Subsequently, patients were divided into either the high-risk group or the low-risk group according to the median value of the risk score of prognostic cuproptosis-related lncRNAs. In both the training and validation cohorts, overall survival (OS) was longer in the low-risk group than in the high-risk group (Figure 2A–C). Moreover, the survival rate was almost double in the low-risk group compared with that in the high-risk group (Figure 2D). The PCA analyses indicated that patients in different risk groups were distributed in three directions (Figure 2E). In addition, the predictive value of the signature for OS and clinical characteristics was evaluated using time-dependent ROC curves, showing that the predictive value of the risk signature model was higher than that of clinical traits (Figure 2F and G). For further evaluating the relationship between the level of lncRNAs expression and clinical features, the heatmap was used to display the relationship between the expression profiles of 6 cuproptosis-related lncRNAs and their clinical characteristics in all MIBC patients (Figure 2H).

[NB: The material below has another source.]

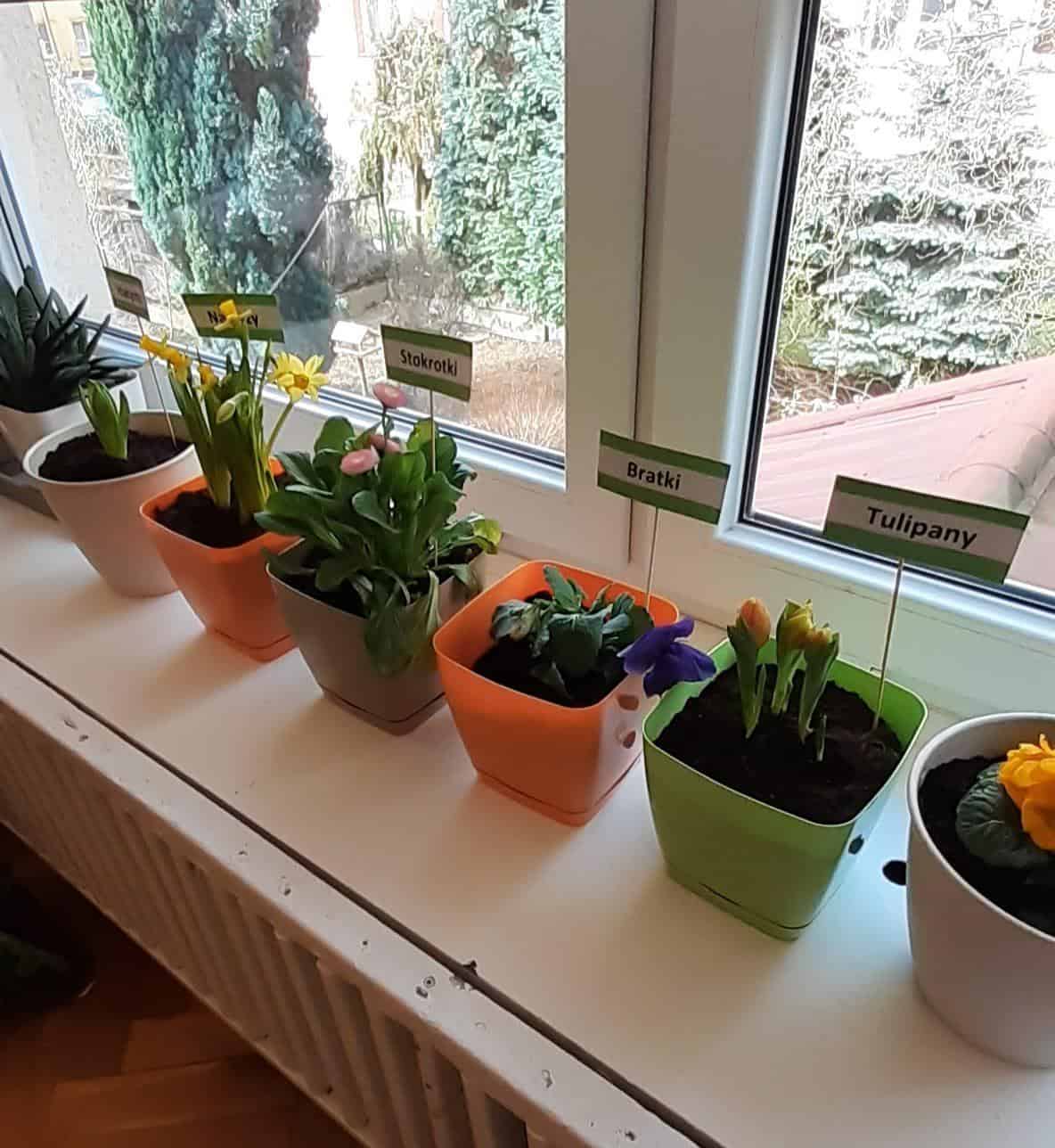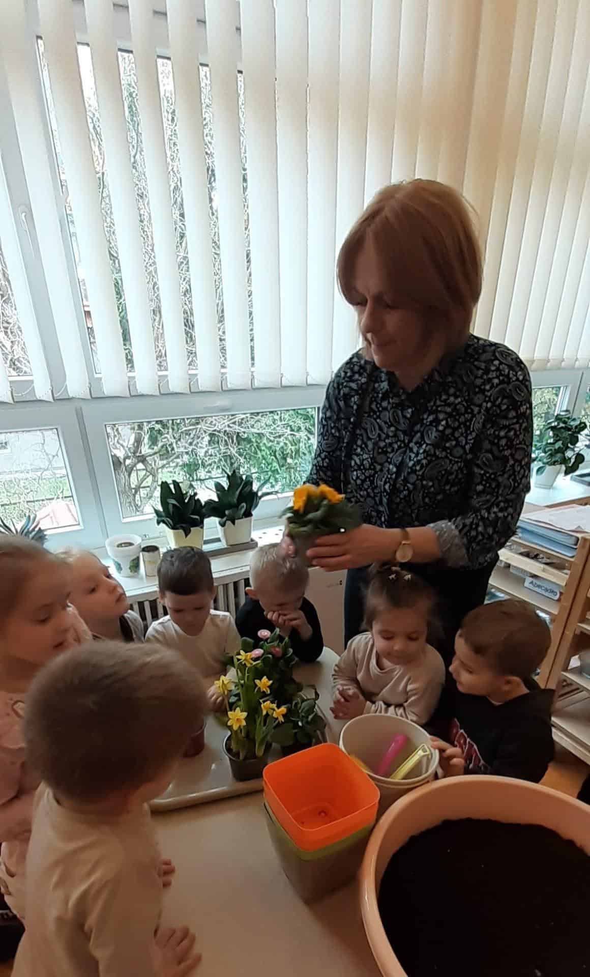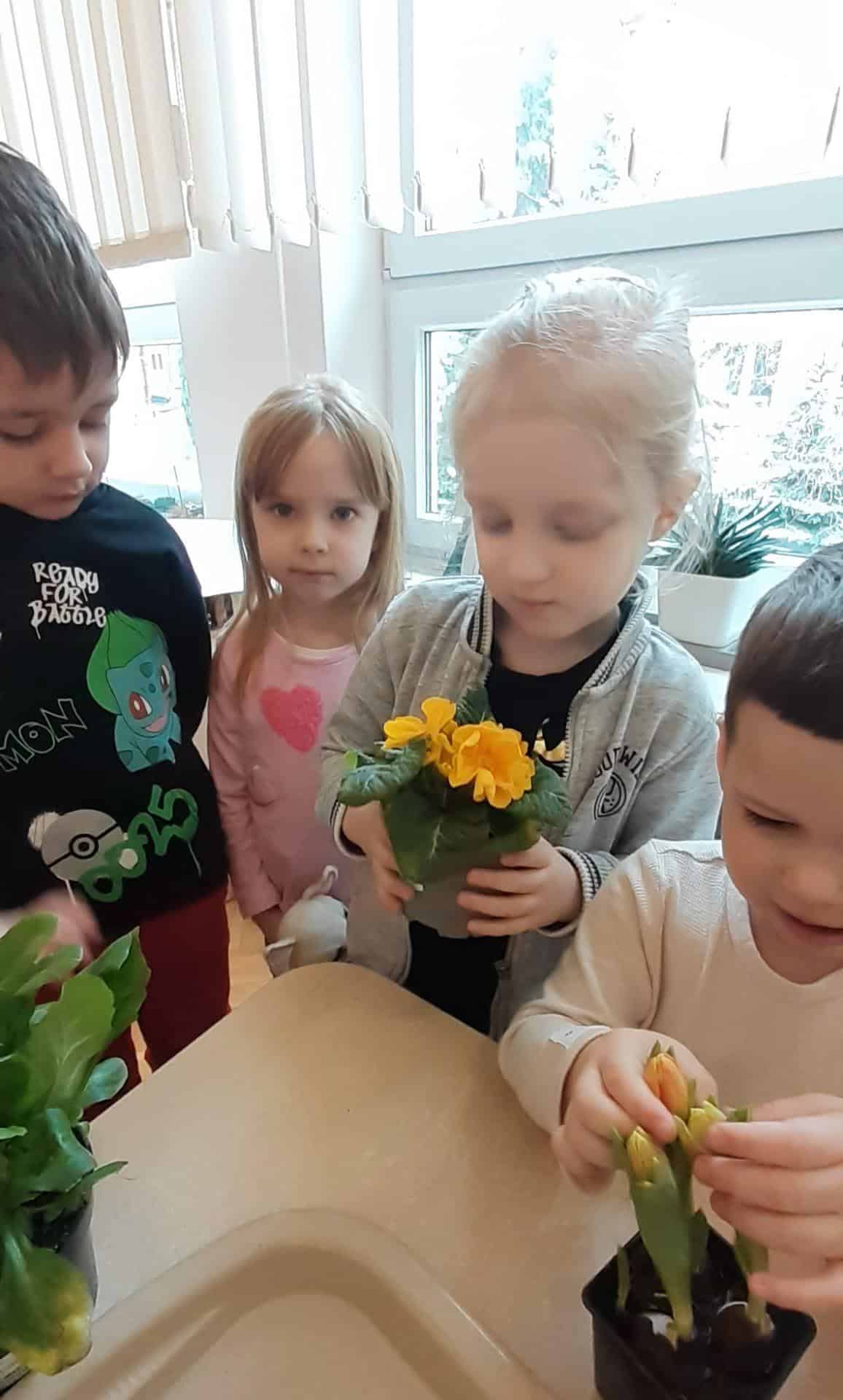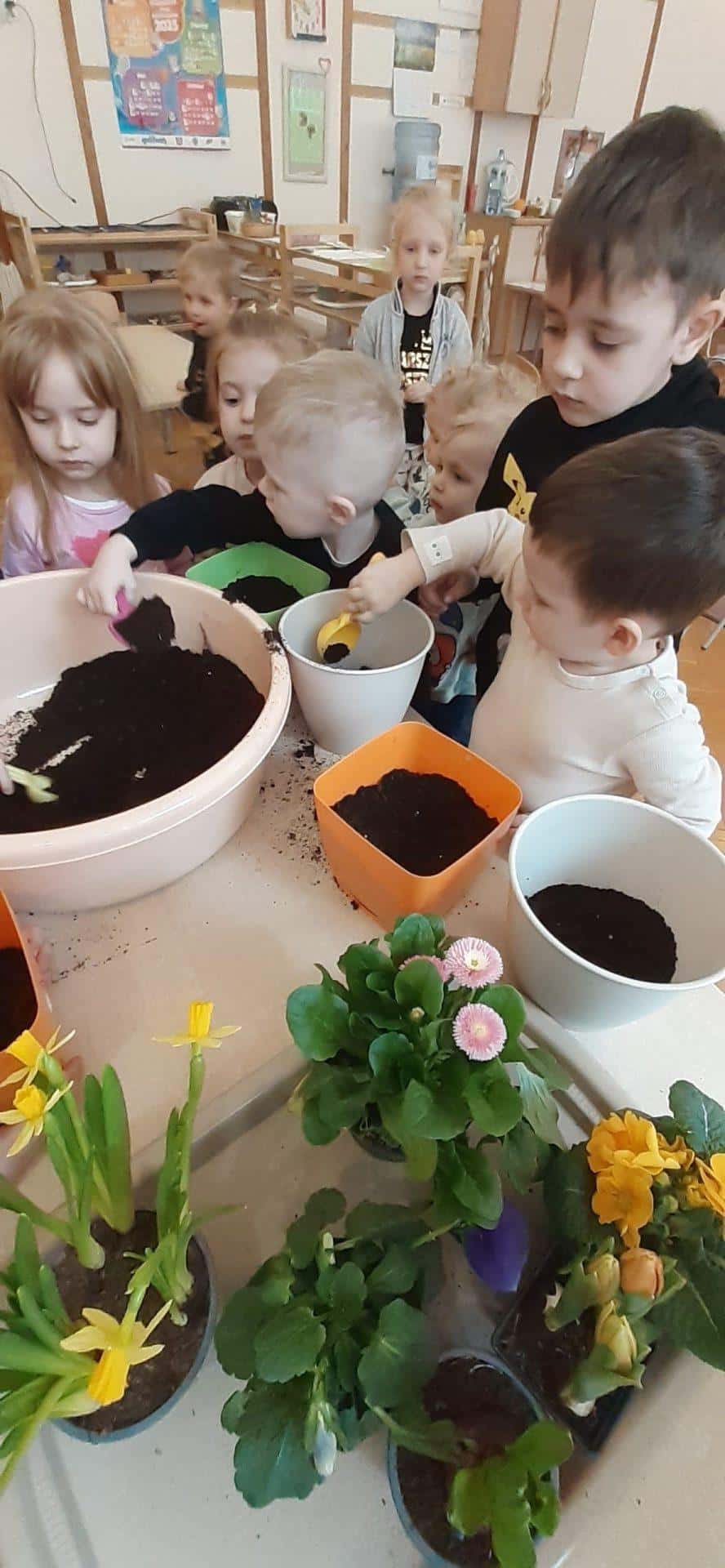 Wiosenne przebudzenie było inspiracją do założenia w sali zajęć wiosennego ogródka kwiatowego z tulipanami, żonkilami, hiacyntami, stokrotkami, pierwiosnkami. Przy okazji dzieci poznały kwiaty, które wyrastają z cebulki kwiatowej, budowę bryły korzeniowej oraz potrzeby roślin w okresie wzrostu. Kwiaty na pewno odwdzięczą się pięknym wyglądem i zapachem. Na końcu wykonano tabliczki znamionowe z nazwami kwiatów wiosennych.
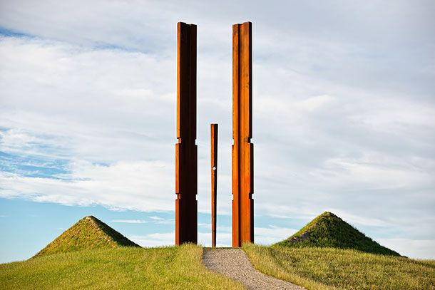 From a distance, visitors to Ralph Klein Park will notice three monolithic sculptures rising above two pyramid-like mounds. This is Hawk Hill Calgary Sentinels.

Figure 2 Verification of the prognostic model. (A-B) Survival curve between low-risk and high-risk groups in the training cohort and validation cohort. (C) Distribution of the risk score, OS status, and heatmap of the expression of Cuproptosis-related lncRNAs. (D) Comparison of survival between the high- and low-risk groups. (E) Validation of the model using PCA (F and G) The AUC of ROC curves showed the predictive abilities of the prognostic model. (H) The heatmap displayed the relationship between the expression of cuproptosis-related lncRNAs and clinicopathologic features in high- and low-risk groups.

Construction of the Cuproptosis-Related lncRNAs Nomogram

Univariate and multivariate Cox regression analysis revealed that the risk score of cuproptosis-related lncRNAs was a substantial independent prognostic factor for overall survival in the TCGA dataset (Figure 3A and B). To improve the accuracy of the prediction model, we constructed a nomogram for MIBC based on the risk signature and clinical characteristics. The total score was the sum of the individual scores calculated based on the use of the nomogram, and the OS of the patient gradually diminish as the score increased. Figure 3C illustrates an example of employing the nomogram to predict the survival probability for a randomly selected patient. ROC analysis demonstrated that the nomogram surpassed other factors in prognosticating MIBC outcomes (Figure 3D). Additionally, the nomogram exhibited high concordance between the predicted and observed survival probabilities (Figure 3E).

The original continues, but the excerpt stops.